Die GdP verzeichnet eine alarmierende Zunahme gewalttätiger Vorfälle gegen politische Aktivist:innen. Der Vorsitzende Jochen Kopelke spricht von einer generellen Verrohnung der politischen Debattenkultur. Er bezeichnet die Entwicklung als direkte Bedrohung für die Demokratie selbst.

Um der Gefahr zu begegnen, fordert die Gewerkschaft Parteien und Kandidat:innen auf, eng mit der regionalen Polizei zusammenzuarbeiten. Eine frühzeitige Abstimmung über Sicherheitsvorkehrungen für Veranstaltungen und Informationsstände sei unerlässlich. Zudem betont die GdP die Notwendigkeit einer sichtbaren Polizeipräsenz und konsequenter Rechtsdurchsetzung.
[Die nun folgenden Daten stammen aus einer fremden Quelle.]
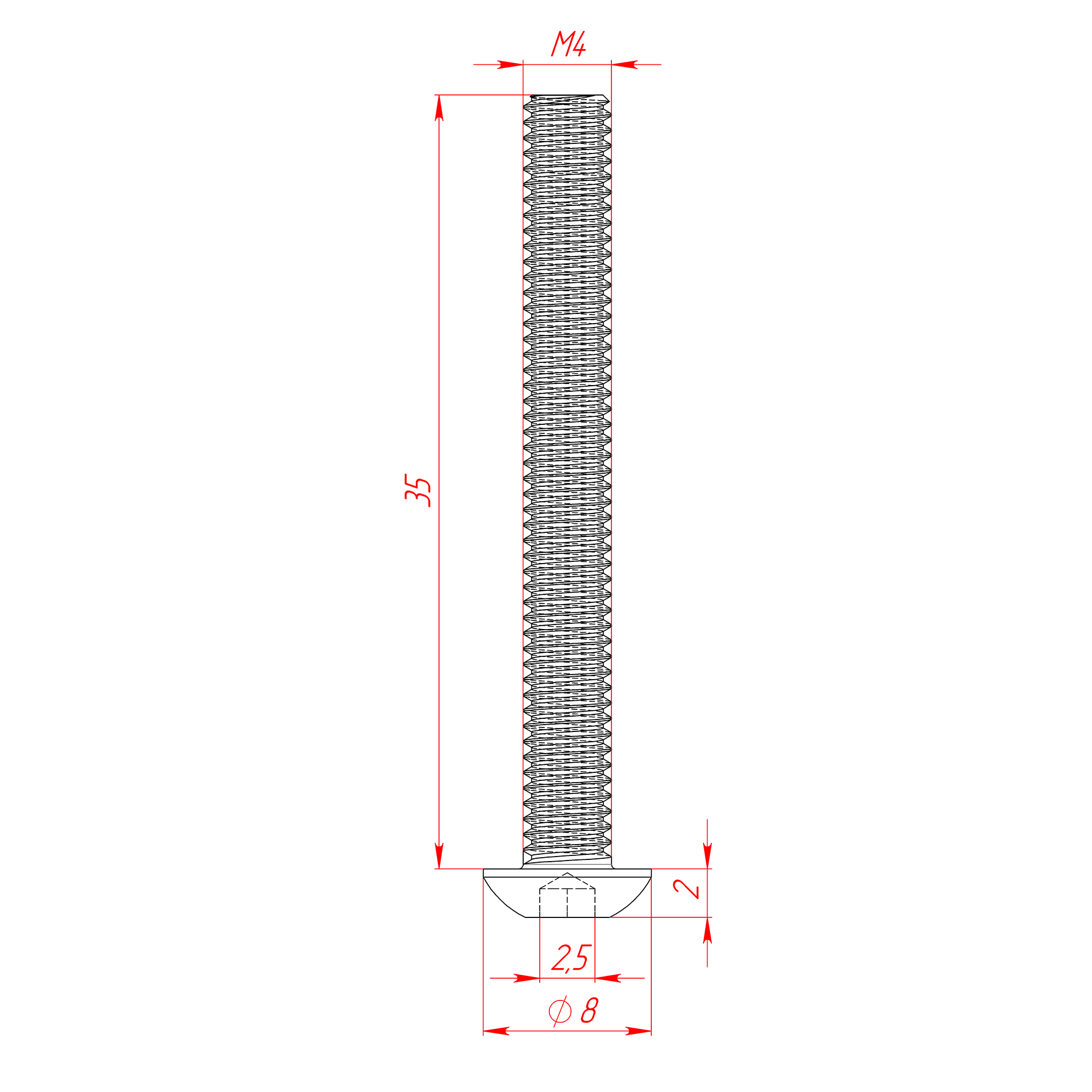 Винт М4х35 DIN912 (полуцилиндр) кл. пр. 8.8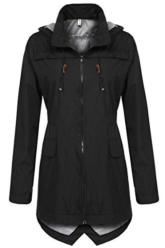 Meaneor Women's Hooded Zip Up Waterproof Trench Jacket Outdoor Women's Raincoat

Kopelke besteht darauf, dass die Regierung auf solche Angriffe entschlossen reagieren muss. Klare Schutzkonzepte und rechtliche Konsequenzen seien entscheidend, um demokratische Prozesse zu sichern.

Die zunehmende Feindseligkeit gefährdet lokale Aktivist:innen und demokratische Werte gleichermaßen. Starke Sicherheitsmaßnahmen und rechtliche Schritte sind nun unverzichtbar, um diejenigen zu schützen, die sich politisch engagieren. Behörden und Parteien müssen schnell handeln, um die wachsende Bedrohung einzudämmen.